CFM17538 - Repos: FA 2007 rules for companies: qualifications to the first tax consequence for creditor repos and creditor quasi-repos
This guidance describes the corporation tax treatment of sale and repurchase arrangements (“repos”) where the initial sale of securities takes place on or after 1 October 2007
Creditor repos and creditor quasi-repos: first tax consequence (continued)

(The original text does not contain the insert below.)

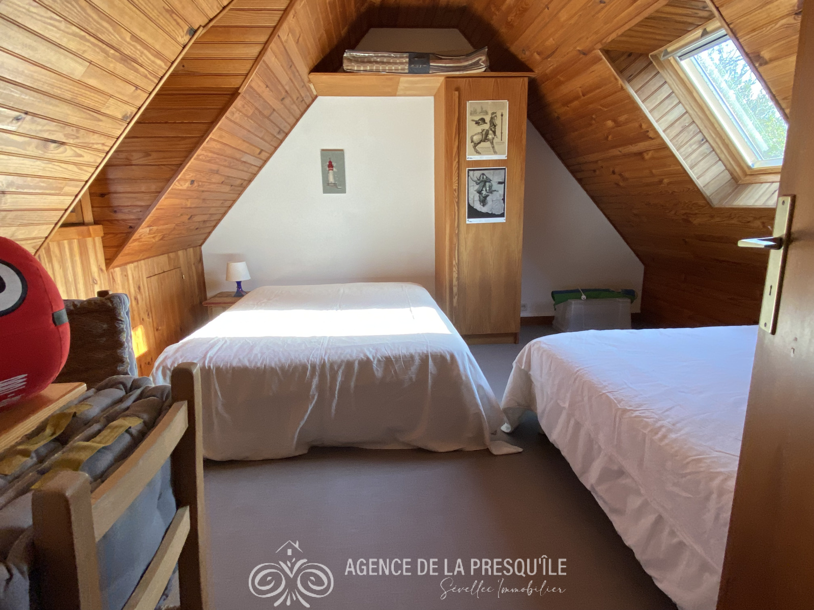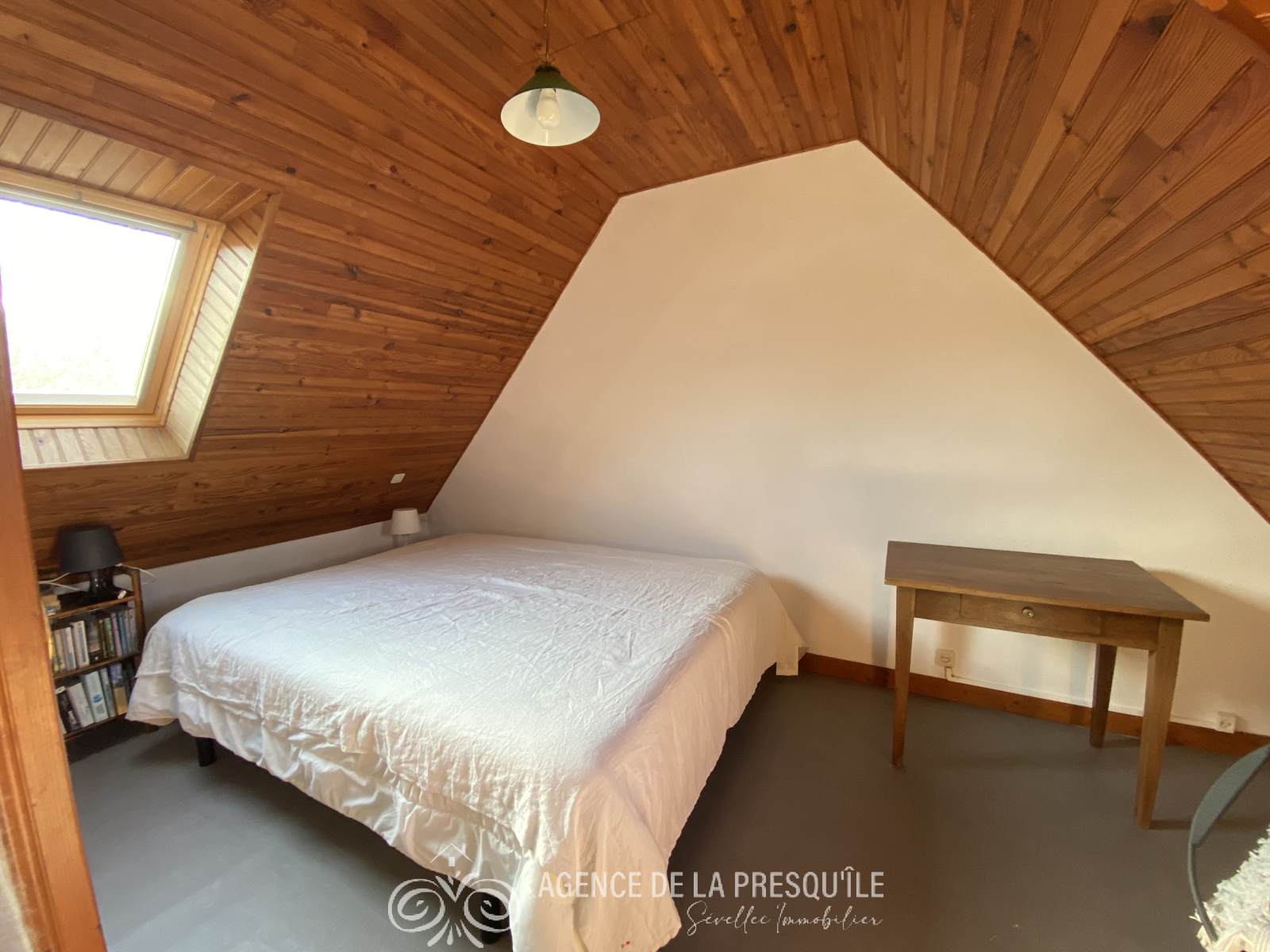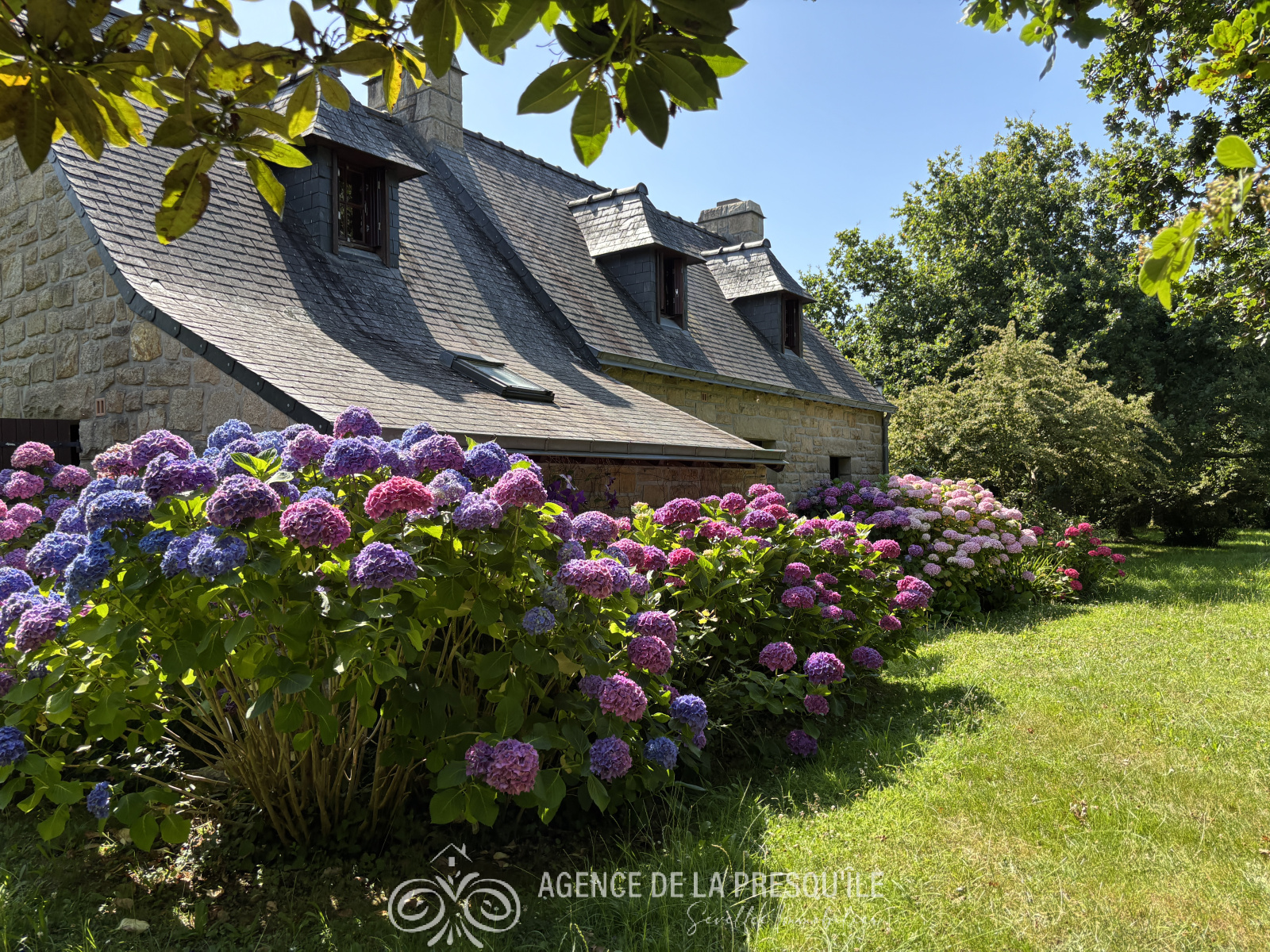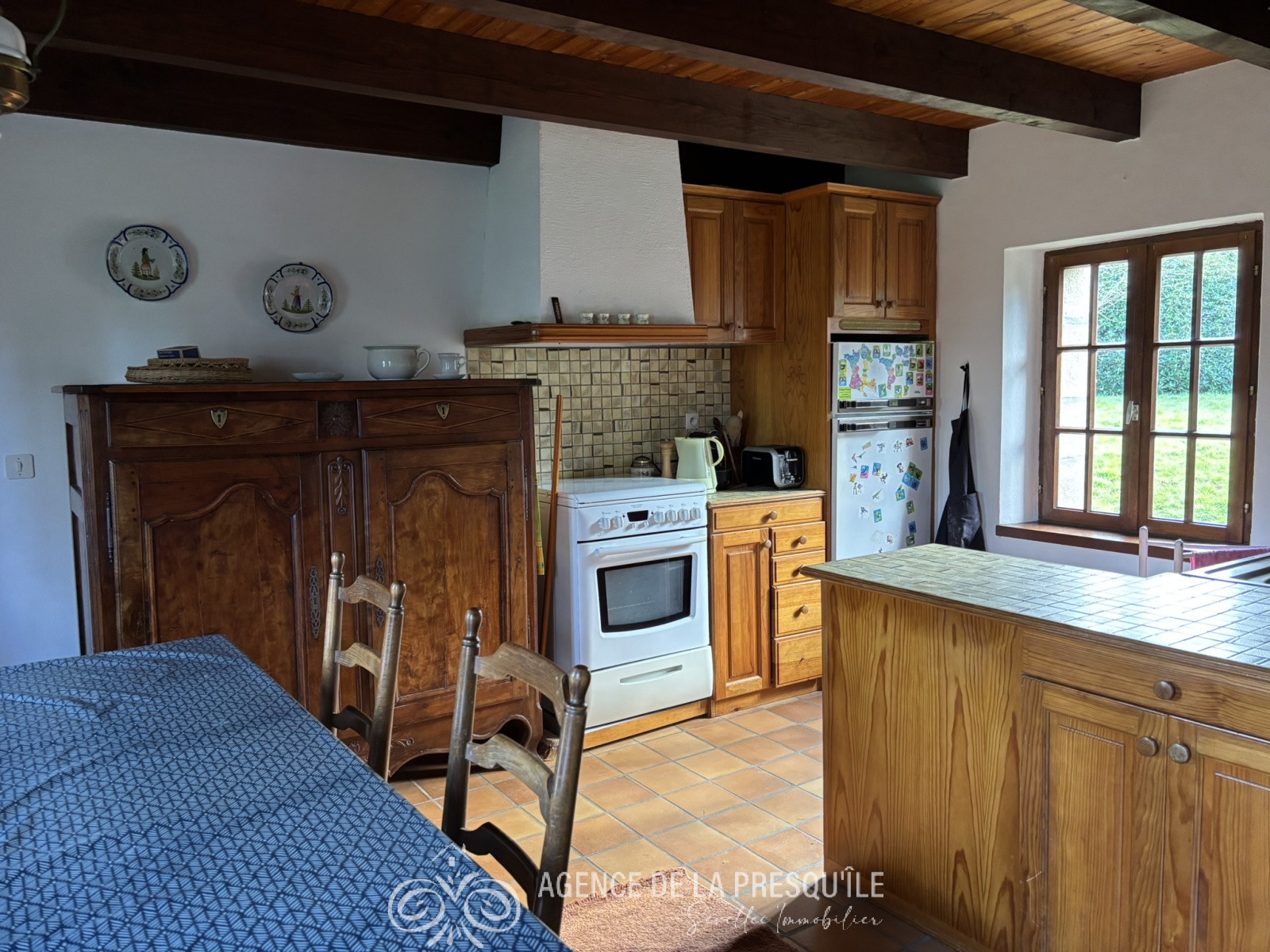 SOUS COMPROMIS - située au calme, à proximité de la mer et des sentiers, cette maison de caractère profite d'un beau parc arboré. Elle comprend au rez-de-chaussée : pièce de vie avec cheminée, cuisine ouverte, chambre, salle d'eau, WC, cellier avec coin buanderie ; et à l'étage : dégagement, deux chambres mansardées, une pièce et cabinet de toilettes. Grand jardin de plus de 5000 m² avec abris. Etat des risques disponible à l'agence.

There are two qualifications to the rule (see
CFM17536) that a lender in a creditor
repo or creditor quasi-repo is taxed, in respect of its income
arising while the arrangement is in force, as if it did not hold
the securities that are initially sold, and did not make any
manufactured payments in respect of those securities.
First qualification
An amount of income is not to be ignored for CT purposes if,
in accordance with GAAP, it is recognised in determining the
lender’s profit or loss or is taken into account in
calculating the amounts which are so recognised (for the meaning of
“recognised in determining… profit or loss,” see
CFM17514).
The purpose of this qualification is to ensure that in cases
where the lender’s overall accounting return from the repo
takes into account income arising on the securities (for instance,
because there is no requirement on the lender to make any
manufactured payments but there is an equivalent reduction in the
repurchase price) then that will be respected for tax purposes. But
it would also apply where, exceptionally, the income is recognised
in the lender’s profit and loss account or similar accounting
statement.
Second qualification
A manufactured payment is not to be ignored for CT purposes
if, in accordance with GAAP, it is recognised in determining the
lender’s profit or loss (for the meaning of “recognised
in determining… profit or loss,” see
CFM17514). For instance, it is possible
that a payment made by a lender who has repoed in a security to
cover a short sale (and therefore does not receive the real income)
may be so recognised.
This qualification is in turn subject to other provisions
that may restrict the deductibility of manufactured payments (for
instance, paragraphs 2 and 7A of Schedule 23A to ICTA (manufactured
payments in respect of UK equities; manufactured payments for
unallowable purposes)).
If exceptionally a financial trader with a net-paying
creditor repo records in accordance with GAAP a profit and loss
debit that corresponds to income arising on the securities (for
instance, because it has repoed in the security to cover a short
sale), normal Case I principles will apply to the debit.